Data records:

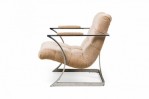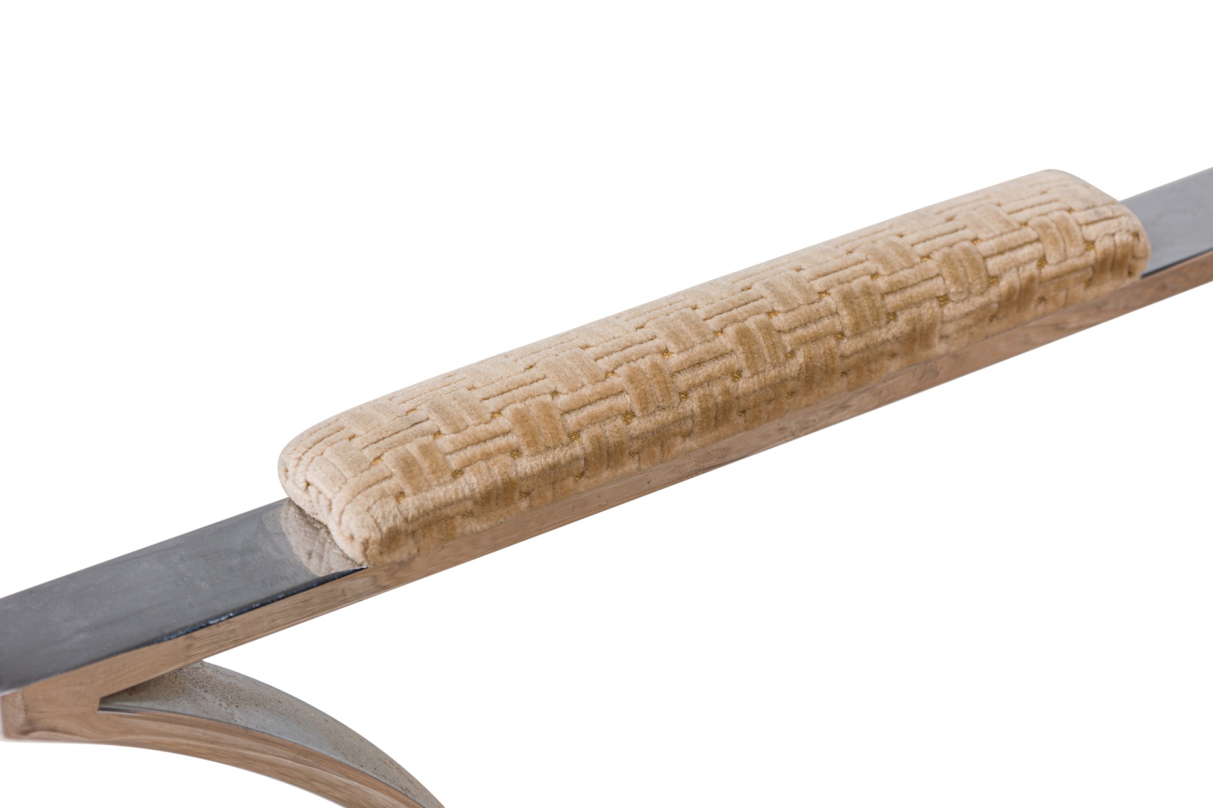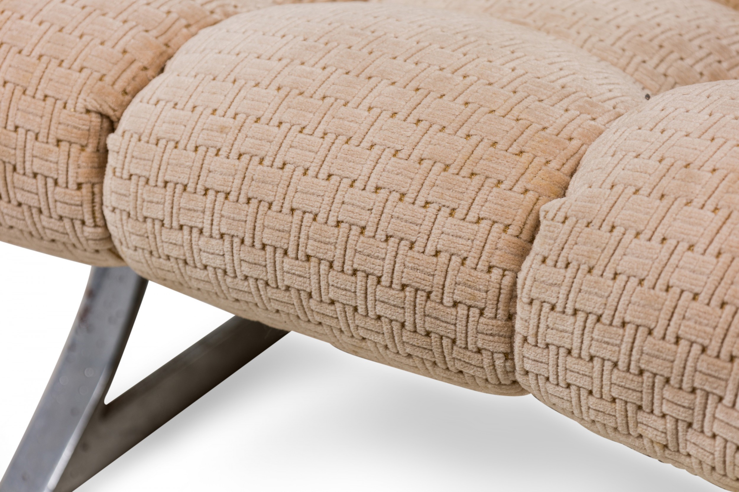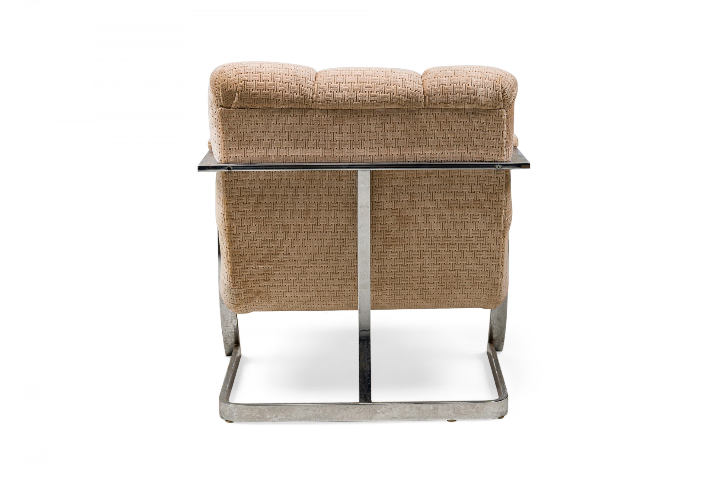 Mid-Century American polished silver metal flat bar armchair with a curved concave frame, the arms unified with the back as one piece, upholstered in a button tufted textured beige fabric. (manner of MILO BAUGHMAN)
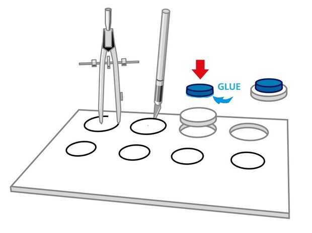 Si no tienes cualquier tapas de botellas, puede cortar el medio disco de cada rueda de la misma cartulina.
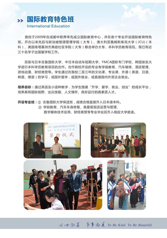 学校在成都市中职学校中率先开办国际教育,与新加坡智源管理学院、美国肯塔基州路易维尔友城杰弗逊社区学院、澳洲詹姆斯库克大学(新加坡校区)、日本吉备国际大学、中日本汽车学院等国际院校开展了多种形式的联合办学。还与一批国际国内知名企业、院校开展广泛合作,为学生发展构建就业?升学?留学?创业的成才立交桥。
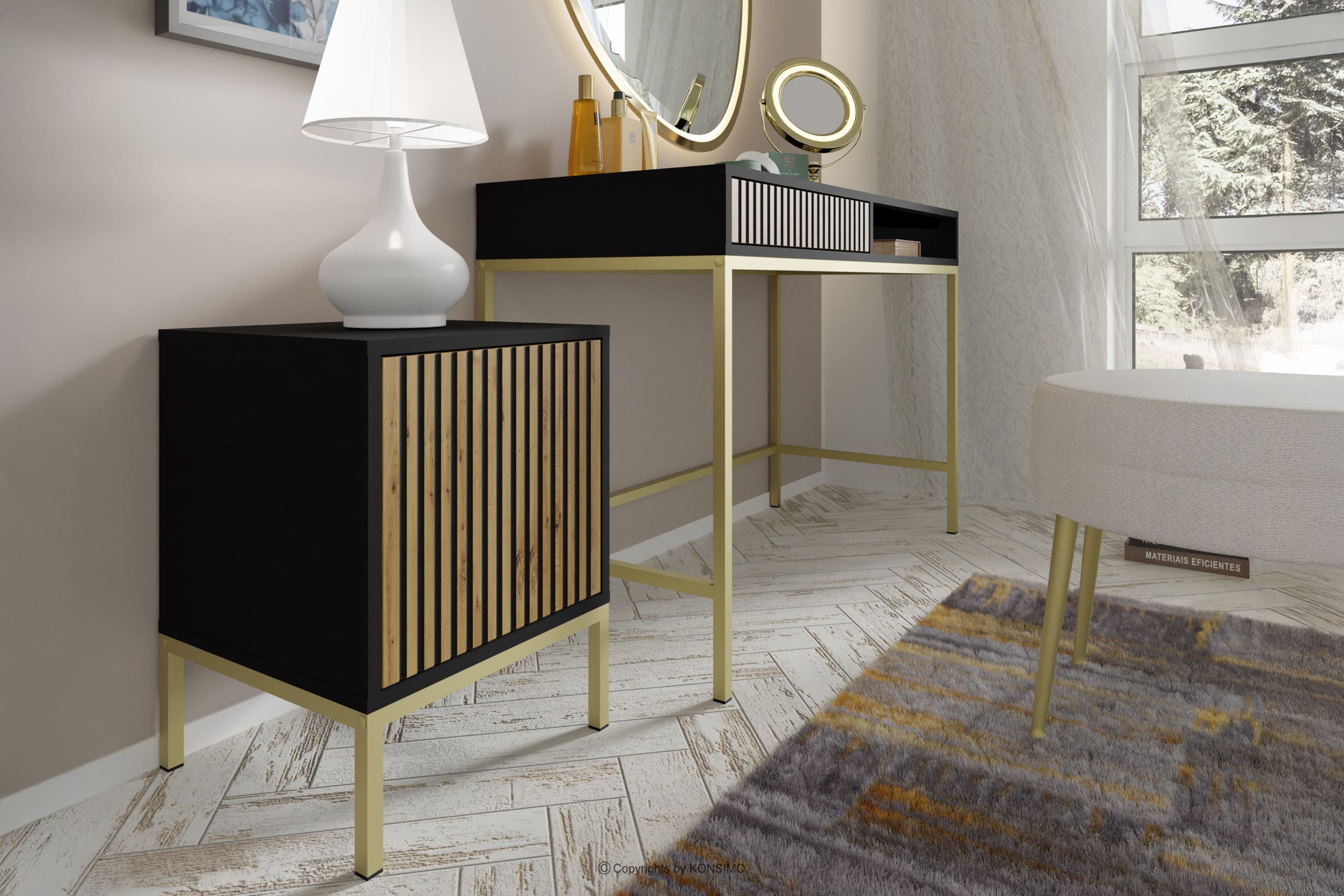 REMO zobacz całą kolekcję Stolik nocny z lamelami czarny/dąb artisan- kolor czarny/dąb artisan
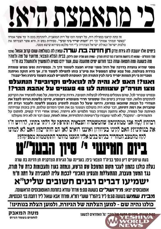 On Thursday, 10 Sivan, buses will leave Jerusalem at 9:00AM and take protesters to the Jaffa Military Courthouse where proceedings continue against a female convert who is frum, but not recognized by such as the IDF and therefore drafted for military service. Buses will also be taking protesters from Beit Shemesh, calling on the tzibur to participate “before they come to our homes and take our daughters for IDF service R”L.
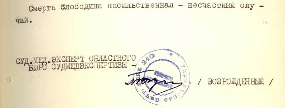Моё мнение: Слободин умер вследствие конкурирующей причины - токсический отёк лёгких при вдыхании пульмонотоксикантов (ставлю на этот диагноз 95%), либо, что менее вероятно, но всё таки вероятно, именно данная причина привела к обмороку, коме и способствуя скорейшему замерзанию, явилась первопричиной. Но вывод единственно верный: «Смерть Слободина насильственная – несчастный случай». При рассмотрении деталей последующих Актов первой пятёрки будут и иные, дополнительные доказательства общей картины смертей.
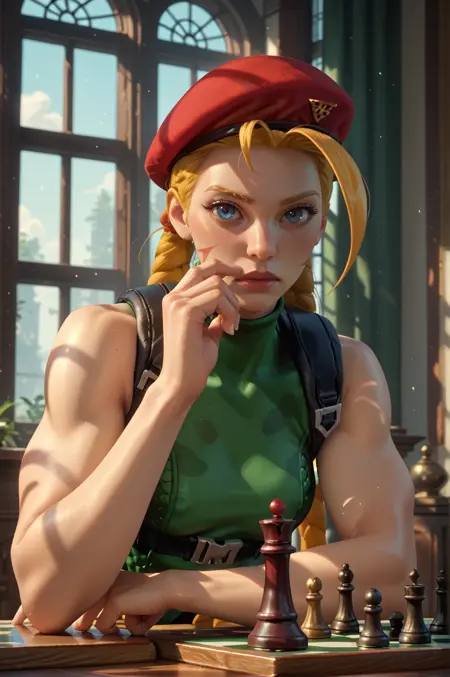Kiss, kiss, darling! I'm Cammy White, the Killer Bee, and I'm here to give you the lowdown. I'm a genetically engineered super-soldier, created by M. Bison's evil organization, Shadaloo. My memories were suppressed, and I was brainwashed to follow orders without question. But, sweetie, I broke free from that control and now I'm fighting against my creators.
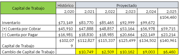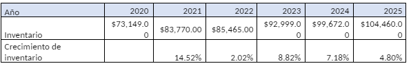 En este punto, muchas empresas eligen un criterio de evaluación de proyecto y compran lo que parece mejor. Es muy tentador elegir la opción de sistema selectivo simple del proveedor C. Sin embargo, es incorrecto juzgar un proyecto por un solo indicador. Recuerde que el valor de su empresa está directamente relacionado al flujo de dinero que produce. Este flujo se compone de varios elementos. Uno muy importante es el capital de trabajo y el inventario compone parte de este. Según la proyección de crecimiento usted cuenta con estos datos:
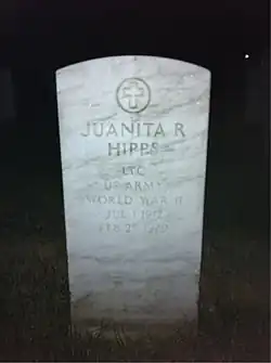 Hipps married United States Army Air Forces officer William Grover Hipps in 1946 and they would go on to have a son, two grandchildren and three great grandchildren.[1][2] William was later promoted to general rank and Juanita followed him on postings around the US, Iran and the Far East.[1] In 1955 she was living in Okinawa, Japan where she became interested in Japanese culture and was an avid collector of antiques.[3] In 1958 she was living with her husband in Redlands, California.[3] Juanita retired from the army in 1969, by which time she held the rank of lieutenant-colonel.[2] She died at her home in St. Petersburg, Florida, on February 25, 1979, and was buried at Arlington National Cemetery with full military honors.[1][2] The US Air Force Association presents the Juanita Redmond Award, their highest nursing award, in her memory.[1][4]
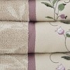 Add a touch of elegance to your bathroom decor with our Madison Park Serene Embroidered Cotton Jacquard 6 Piece Towel Set. These cotton towels feature a jacquard leaf pattern with a floral embroidered hem, and purple contrast piping details to create a beautiful and sophisticated look. This cotton towel set is also OEKO-TEX certified, meaning it does not contain any harmful substances or chemicals, ensuring quality comfort and wellness. Highly absorbent and incredibly soft from its medium weight terry loop construction, this towel set is also machine washable for easy care for the perfect addition to any bathroom. Set includes: 2 standard 27x52" bath towels, 2 standard 16x28" hand towels, and 2 standard 12x18" fingertip towels.Product DetailsSee below2 Bath Towels:27"W x 52"L (2)2 Hand Towels:16"W x 28"L (2)2 Fingertip Towels:12"W x 18"L (2)Material550gsm cotton terry
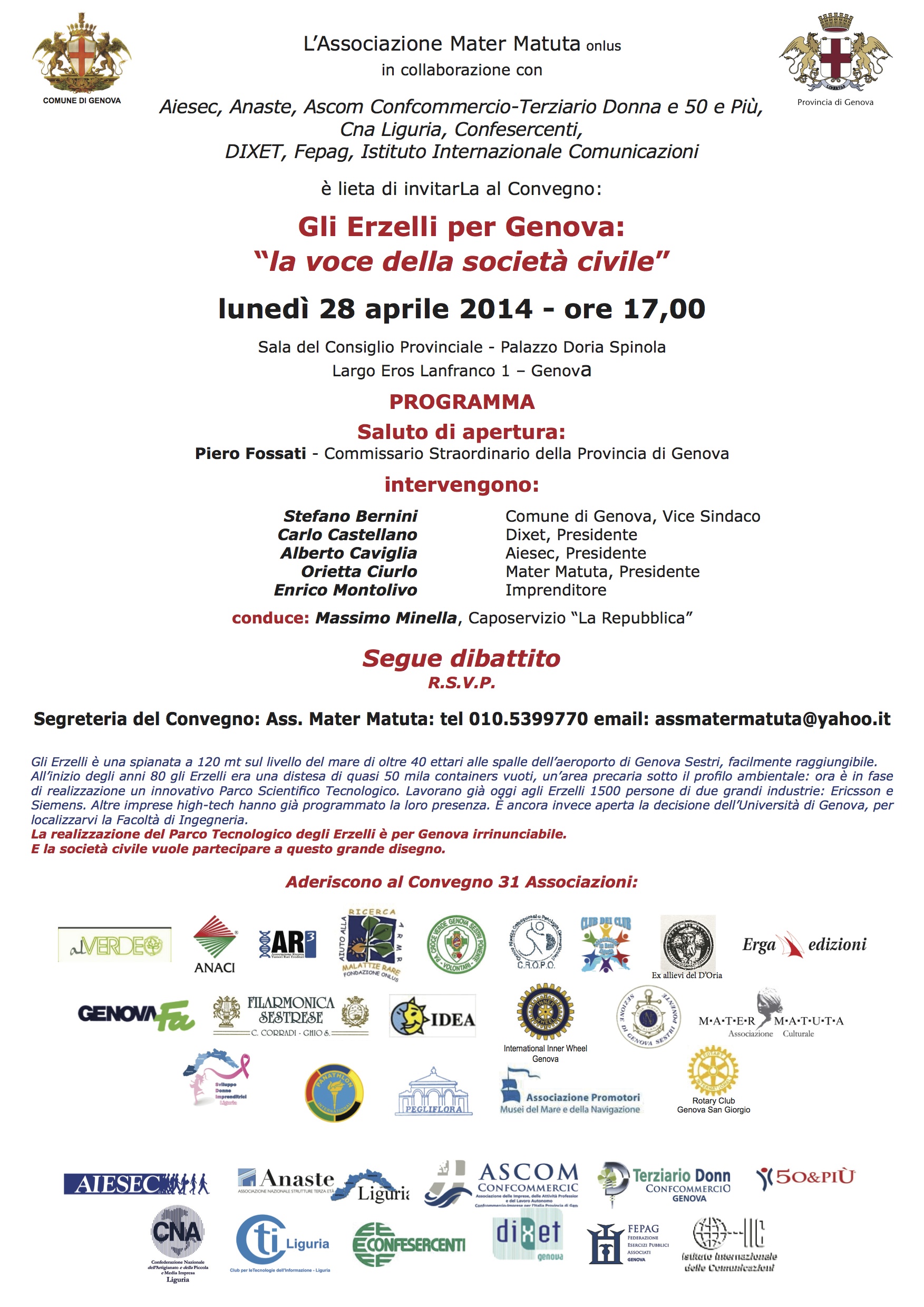 Lunedì 28 aprile alle ore  17.00, presso la Sala del Consiglio Provinciale di Genova a Palazzo Doria Spinola, si terrà il convegno ” Gli Erzelli per Genova: la voce della società civile”, un incontro per fare il punto sulla situazione del Parco Scientifico e Tecnologico degli Erzelli. Il dibattito, a cui interverrano come relatori Erzelli: convegno in Provincia a Genova

Task objective: Print each entry above exactly. The pictures should not be printed.

Response to the task:
 Mid-Century American polished silver metal flat bar armchair with a curved concave frame, the arms unified with the back as one piece, upholstered in a button tufted textured beige fabric. (manner of MILO BAUGHMAN)
 Si no tienes cualquier tapas de botellas, puede cortar el medio disco de cada rueda de la misma cartulina.
 学校在成都市中职学校中率先开办国际教育,与新加坡智源管理学院、美国肯塔基州路易维尔友城杰弗逊社区学院、澳洲詹姆斯库克大学(新加坡校区)、日本吉备国际大学、中日本汽车学院等国际院校开展了多种形式的联合办学。还与一批国际国内知名企业、院校开展广泛合作,为学生发展构建就业?升学?留学?创业的成才立交桥。
 REMO zobacz całą kolekcję Stolik nocny z lamelami czarny/dąb artisan- kolor czarny/dąb artisan
 On Thursday, 10 Sivan, buses will leave Jerusalem at 9:00AM and take protesters to the Jaffa Military Courthouse where proceedings continue against a female convert who is frum, but not recognized by such as the IDF and therefore drafted for military service. Buses will also be taking protesters from Beit Shemesh, calling on the tzibur to participate “before they come to our homes and take our daughters for IDF service R”L.
Моё мнение: Слободин умер вследствие конкурирующей причины - токсический отёк лёгких при вдыхании пульмонотоксикантов (ставлю на этот диагноз 95%), либо, что менее вероятно, но всё таки вероятно, именно данная причина привела к обмороку, коме и способствуя скорейшему замерзанию, явилась первопричиной. Но вывод единственно верный: «Смерть Слободина насильственная – несчастный случай». При рассмотрении деталей последующих Актов первой пятёрки будут и иные, дополнительные доказательства общей картины смертей.
Kiss, kiss, darling! I'm Cammy White, the Killer Bee, and I'm here to give you the lowdown. I'm a genetically engineered super-soldier, created by M. Bison's evil organization, Shadaloo. My memories were suppressed, and I was brainwashed to follow orders without question. But, sweetie, I broke free from that control and now I'm fighting against my creators.
 En este punto, muchas empresas eligen un criterio de evaluación de proyecto y compran lo que parece mejor. Es muy tentador elegir la opción de sistema selectivo simple del proveedor C. Sin embargo, es incorrecto juzgar un proyecto por un solo indicador. Recuerde que el valor de su empresa está directamente relacionado al flujo de dinero que produce. Este flujo se compone de varios elementos. Uno muy importante es el capital de trabajo y el inventario compone parte de este. Según la proyección de crecimiento usted cuenta con estos datos:
 Hipps married United States Army Air Forces officer William Grover Hipps in 1946 and they would go on to have a son, two grandchildren and three great grandchildren.[1][2] William was later promoted to general rank and Juanita followed him on postings around the US, Iran and the Far East.[1] In 1955 she was living in Okinawa, Japan where she became interested in Japanese culture and was an avid collector of antiques.[3] In 1958 she was living with her husband in Redlands, California.[3] Juanita retired from the army in 1969, by which time she held the rank of lieutenant-colonel.[2] She died at her home in St. Petersburg, Florida, on February 25, 1979, and was buried at Arlington National Cemetery with full military honors.[1][2] The US Air Force Association presents the Juanita Redmond Award, their highest nursing award, in her memory.[1][4]
 Add a touch of elegance to your bathroom decor with our Madison Park Serene Embroidered Cotton Jacquard 6 Piece Towel Set. These cotton towels feature a jacquard leaf pattern with a floral embroidered hem, and purple contrast piping details to create a beautiful and sophisticated look. This cotton towel set is also OEKO-TEX certified, meaning it does not contain any harmful substances or chemicals, ensuring quality comfort and wellness. Highly absorbent and incredibly soft from its medium weight terry loop construction, this towel set is also machine washable for easy care for the perfect addition to any bathroom. Set includes: 2 standard 27x52" bath towels, 2 standard 16x28" hand towels, and 2 standard 12x18" fingertip towels.Product DetailsSee below2 Bath Towels:27"W x 52"L (2)2 Hand Towels:16"W x 28"L (2)2 Fingertip Towels:12"W x 18"L (2)Material550gsm cotton terry
 Lunedì 28 aprile alle ore  17.00, presso la Sala del Consiglio Provinciale di Genova a Palazzo Doria Spinola, si terrà il convegno ” Gli Erzelli per Genova: la voce della società civile”, un incontro per fare il punto sulla situazione del Parco Scientifico e Tecnologico degli Erzelli. Il dibattito, a cui interverrano come relatori Erzelli: convegno in Provincia a Genova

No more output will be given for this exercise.